An image is a trimmed down version of operating system along with a specific set of resources pre-installed, which is downloaded from the docker repository and setup in the client machine (our machine) for use.
This downloaded copy of the specified image is assigned an id and is returned as the "container id". It is in this "container" that we deploy our application binaries and is exported for reuse and deployments. The "create" command creates a usable docker container out of the image but doesn’t start it. It will be in a stopped state unless "started".
> docker create hello-world
> docker start [options] <container_id> [<container_id> ..]
returns the started container with the initial command executed.
This command starts an already "created" container which is in a stopped state. The option flags provided along with the command specify how the container shall be started and communicated with. The container_id passed here can be a part of the container_id (from the beginning of the string) generated for the created container when the create command is issued.

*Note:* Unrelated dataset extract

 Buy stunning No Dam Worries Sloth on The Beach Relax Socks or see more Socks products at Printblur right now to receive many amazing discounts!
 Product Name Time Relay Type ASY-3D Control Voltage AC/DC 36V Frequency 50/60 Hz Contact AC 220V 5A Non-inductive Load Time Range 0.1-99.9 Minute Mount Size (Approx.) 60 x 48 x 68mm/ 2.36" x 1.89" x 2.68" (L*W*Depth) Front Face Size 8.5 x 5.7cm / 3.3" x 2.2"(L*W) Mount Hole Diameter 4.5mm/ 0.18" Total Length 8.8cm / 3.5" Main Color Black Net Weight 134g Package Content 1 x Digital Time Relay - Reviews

> docker start -i d709792528dbeab
In this case, the flag -i represents interactive, where the containers Standard Input (STDIN) shall be open for communication. As soon as the container starts, unless a startup command to be executed is provided when creating, the default command which is set by default within the image will be executed. This can be overriden by passing the initial_command argument along with the create command.
> docker stop <container_id>
This command can be used to stop a running container. When this command is issued, the docker issues a SIGTERM signal to the main process executing within the running container. And after a specified grace period, the main process is forcefully killed by issuing a SIGKILL signal if the process is still executing. This command is particularly helpful is issuing a "safe exit" for the process within the container.

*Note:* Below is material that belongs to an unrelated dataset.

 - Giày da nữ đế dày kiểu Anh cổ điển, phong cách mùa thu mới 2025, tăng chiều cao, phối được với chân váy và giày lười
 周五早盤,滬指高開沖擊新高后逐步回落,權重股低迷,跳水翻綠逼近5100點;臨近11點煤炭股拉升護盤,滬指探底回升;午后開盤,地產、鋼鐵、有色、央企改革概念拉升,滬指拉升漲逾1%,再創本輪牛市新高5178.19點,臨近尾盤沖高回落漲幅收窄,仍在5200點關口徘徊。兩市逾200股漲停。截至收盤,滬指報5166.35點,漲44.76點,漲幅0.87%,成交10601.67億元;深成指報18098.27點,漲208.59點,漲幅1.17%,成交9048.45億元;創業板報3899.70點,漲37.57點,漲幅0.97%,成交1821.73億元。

> docker stop d709792528dbeab
> docker kill <container_id>
This command is similar to stop, but instead of issuing a SIGTERM signal to the main process in the container and waiting for its termination, the kill command force kills the main process in the container by issuing a SIGKILL signal at the first place. Hence this command can be issued when we would want to force kill a container even though it might result in a non-safe exit.
> docker kill d709792528dbeab`
> docker run [options] <image_name> [initial_command]
This command can be used to create and start a non-existing container from a specified image. Once issued with necessary options, the command downloads the specified image from the docker repository and create a new container out of it with the specifications applied and then starts up the container.
> docker run -it ubuntu bash
When executed, a new container is created and started using an ubuntu image from the repository and a bash terminal is opened up for input to the user within the command prompt. The terminal can now accept input from the user and print them back because we’ve specified the -i and -t (interactive and pseudo-tty) flags along with the run command.
Run with Port Mapping:
> docker run -p <host_port>:<container_port> <container_id>
This command is a variant of the docker run command where in we will provide a port mapping between the container port and a host port outside of the container. This is used to forward requests or communications to a process running inside the container on a port specific to that container from the network outside. The command is particularly useful when running web applications within a container and we would need to access the application from outside world. In such case we run the container with port forwarding and let the web application be running on the port which is mapped to an outside port.
> docker run -it -p 8000:80 mcr.microsoft.com/dotnet/core/samples:aspnetapp`
The above command creates and runs a sample aspnetcore application in a container under the port 80 within the container, which is mapped to port 8000 for the network outside container.
When we open http://localhost:8000 in our local browser, we have the code executed from container and output is forwarded back.
> docker exec -it <container_id> <command>
This command is useful in issuing a second command onto a running container. This is particularly helpful when we would need to run a second command onto a container which is already mapped up and executing the initial command which is specified during the container creation. One must keep in mind that this command works only for containers which are in running state only.
> docker exec -it c669abe2068a bash
where the specified container_id belongs to a container which is already in a running state.
> docker ps [options]
This command shows up all the available containers which are created, running or stopped but available within the system. The command also shows up the container ids and other information regarding these containers, which can be used to start or stop these containers.
> docker ps -a
The -a flag specifies the docker ps command to show up all the available containers irrespective of their state. Otherwise only running containers are shown.